Take "Dune by Frank Herbert. There are many genres that books could have been written in, each would have changed the story immensely. It is the genre that makes that book what it is.
Speculative Fiction
Science Fiction
Soft Science Fiction
Space Opera
Galactic Empire
Planetary Romance
The entire setting and the majority of the plot is dictated by this choice of genre. Imagine how the story would have changed if instead of a Planetary Romance, he had chosen to do a Technofantasy, or if he had chosen to made the story Hard Science Fiction, limiting it to known physics. The entire story would change.
How do you find these subgenres? Wikipedia has a good number of them listed. I use the Encyclopedia of Science Fiction and the Encyclopedia of Fantasy, neither of which are still in print, but if you can get your hands on one, I would highly recommend them.
Take time and carefully pick yours before you move on.
Constraints
Once you have chosen your Genre, list the constraints that it gives you.
Now add your own. Do aliens exist? What about Ghosts? Answer the questions that make sense for the type of story you are wanting to write. Be deliberate and keep your list of exclusions near you as you write.
Fiction in a Box
After you have built your box, figure out how to exploit it.
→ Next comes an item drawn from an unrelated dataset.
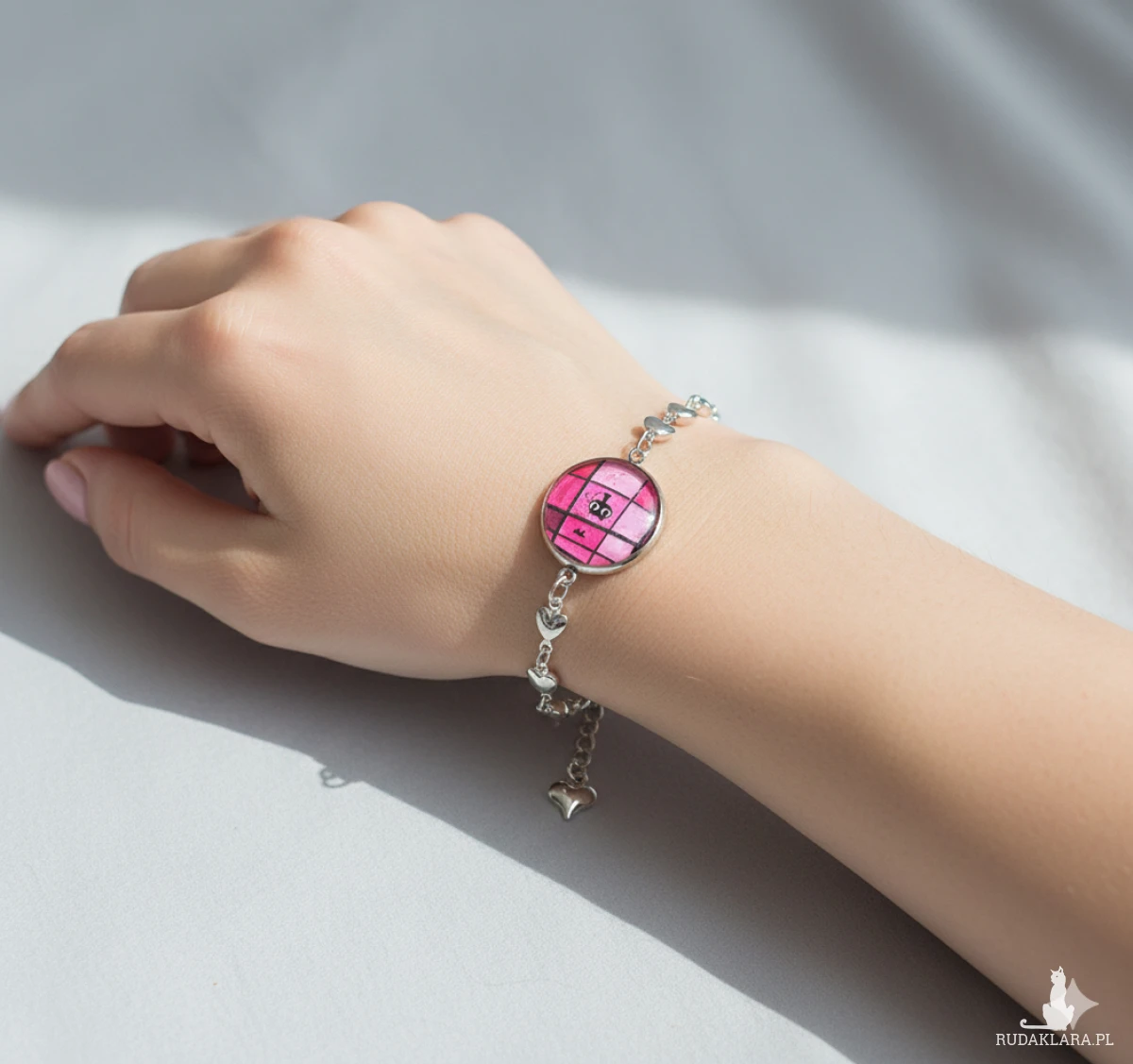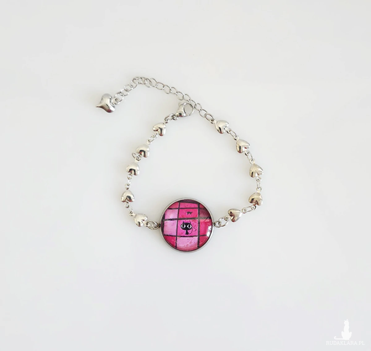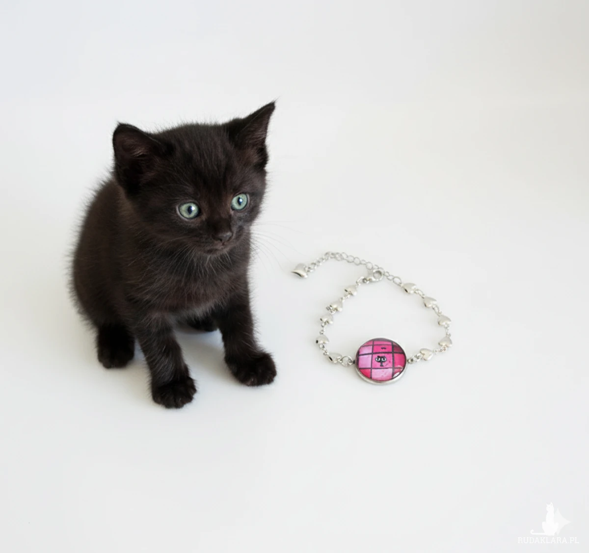 Z centralnym elementem przedstawiającym uroczego, czarnego kotka na różowym tle w kratkę, ta biżuteria doda charakteru każdej stylizacji.

Like Neo in the Matrix, you have to learn that the rules can be bent but not broken.
What cultures would develop under those rules?
How do those rules effect the characters life, profession, and the tools they have at their disposal?
How do the rules change the technology the characters use?
What impossible thing do the characters long to do?
How can I use that impossible thing in the setting?
In Harry Potter, magic can do anything but bring back the dead. That impossibility effects Voldemort, Dumbledor, and Harry.
In Dune, it is impossible to see the future, truth, or to even travel through space without the spice. Those limits and the characters fears and hopes related to them drive the story.
After you have established all of your limitations, you need to come up with a story that would be unexpected in that setting.
Harry Potter is set in a traditional fantasy setting where they are struggling to defeat a Dark Lord, but the books themselves are written as mysteries rather than quests.
Dune tells the story of a coming messiah, but the story is about the psychology of a boy turned man who grapples with his visions of the future trying to stop them from happening.
"Brave Men Run - A Novel of the Sovereign Era" by Matthew Wayne Selznick is a Superhero story that follows the relationship between a boy and his family.
Liquid Sky is a story about a boy trying to defy fate, but it is told from the point of view of a coming of age story.
"Shine Like Thunder" is a dark space opera about characters trying to survive after they are marooned on a demon filled world, but it is told as a romance/mystery.
When you establish a convention, the reader will feel comfortable in the setting. When you tell the story in a unique way, you are able to surprise the reader without making them feel the story betrayed its premise.